#### Activity
Restate word for word the lines below from the one that has "Kegiatan ini di" through the one that has "During the BBC’s", keeping both and dropping all pictures.

#### Task material
++++++++++

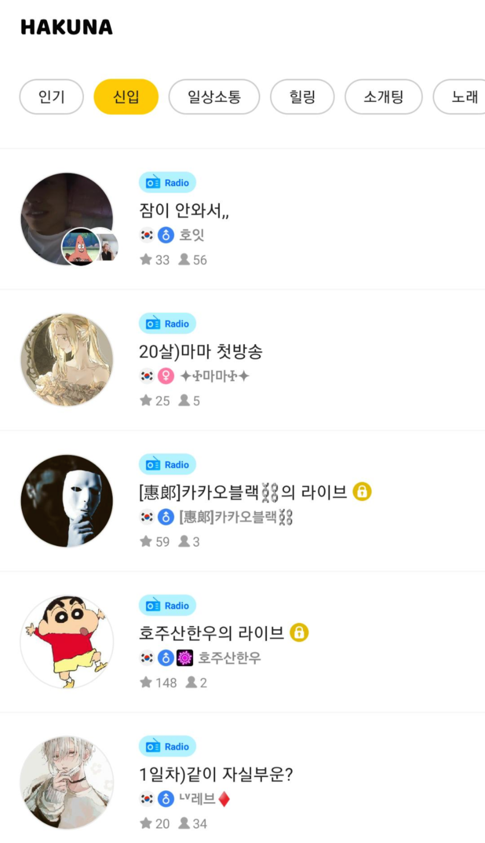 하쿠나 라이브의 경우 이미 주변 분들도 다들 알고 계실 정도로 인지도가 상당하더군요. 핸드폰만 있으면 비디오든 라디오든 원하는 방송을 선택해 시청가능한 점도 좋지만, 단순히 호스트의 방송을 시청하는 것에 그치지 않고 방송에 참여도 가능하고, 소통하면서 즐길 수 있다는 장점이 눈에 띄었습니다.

++++++++++

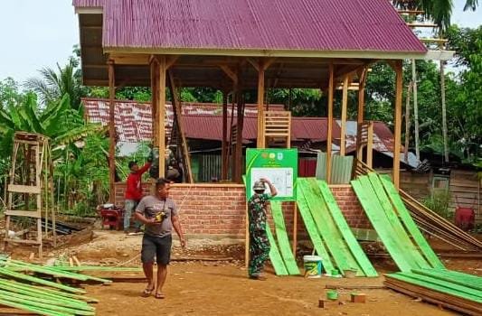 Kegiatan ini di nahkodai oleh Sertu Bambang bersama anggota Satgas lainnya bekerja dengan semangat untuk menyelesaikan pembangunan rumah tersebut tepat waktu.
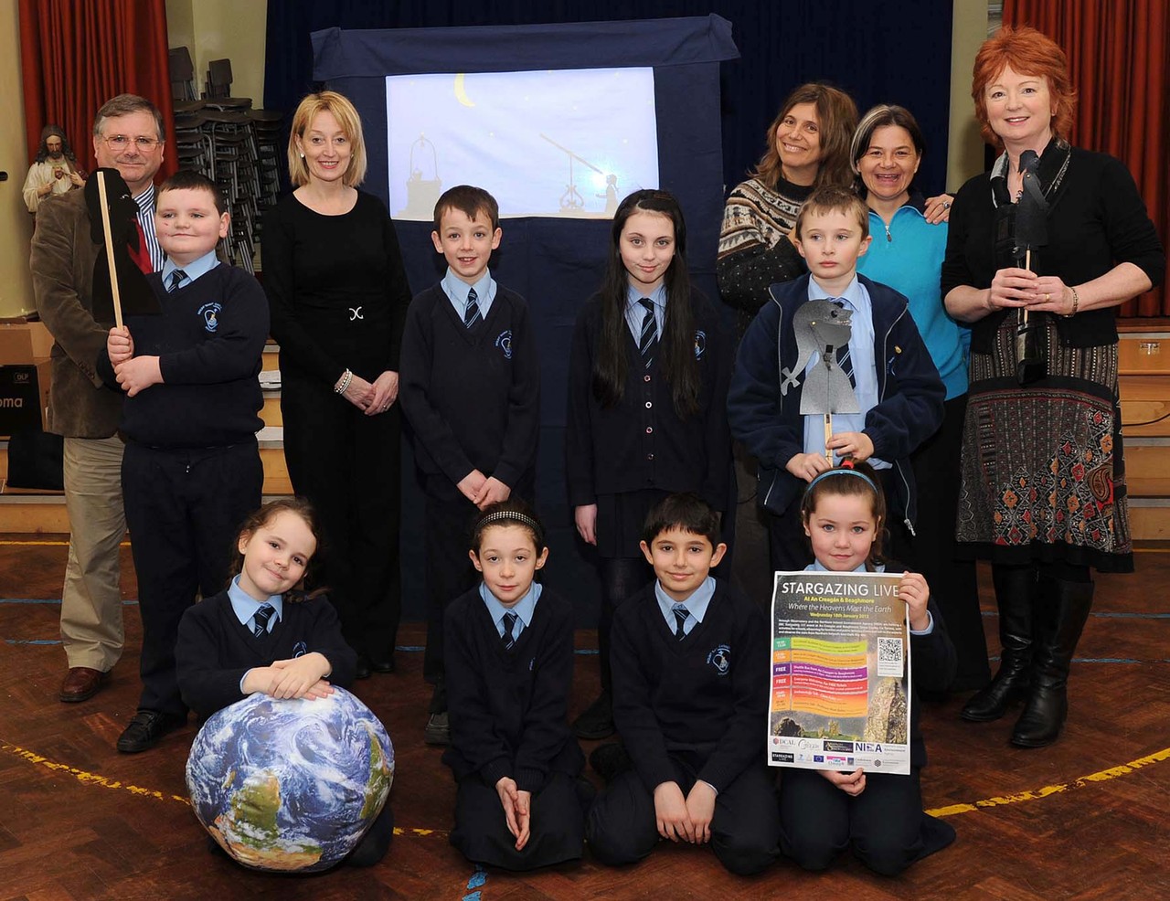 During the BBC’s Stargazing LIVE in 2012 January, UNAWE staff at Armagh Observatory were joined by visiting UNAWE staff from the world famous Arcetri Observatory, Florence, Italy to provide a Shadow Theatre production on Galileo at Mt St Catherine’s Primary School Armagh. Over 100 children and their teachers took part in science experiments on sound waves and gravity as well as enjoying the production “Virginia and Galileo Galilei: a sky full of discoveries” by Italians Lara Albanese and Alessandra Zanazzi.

++++++++++

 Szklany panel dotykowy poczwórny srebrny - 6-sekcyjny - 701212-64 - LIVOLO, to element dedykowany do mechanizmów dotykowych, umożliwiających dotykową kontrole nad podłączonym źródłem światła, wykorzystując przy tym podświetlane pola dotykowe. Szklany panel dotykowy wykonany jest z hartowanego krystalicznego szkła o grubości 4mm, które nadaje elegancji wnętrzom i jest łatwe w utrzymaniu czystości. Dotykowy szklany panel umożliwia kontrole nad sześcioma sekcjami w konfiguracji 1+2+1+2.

++++++++++

#### Task answer
 Kegiatan ini di nahkodai oleh Sertu Bambang bersama anggota Satgas lainnya bekerja dengan semangat untuk menyelesaikan pembangunan rumah tersebut tepat waktu.
 During the BBC’s Stargazing LIVE in 2012 January, UNAWE staff at Armagh Observatory were joined by visiting UNAWE staff from the world famous Arcetri Observatory, Florence, Italy to provide a Shadow Theatre production on Galileo at Mt St Catherine’s Primary School Armagh. Over 100 children and their teachers took part in science experiments on sound waves and gravity as well as enjoying the production “Virginia and Galileo Galilei: a sky full of discoveries” by Italians Lara Albanese and Alessandra Zanazzi.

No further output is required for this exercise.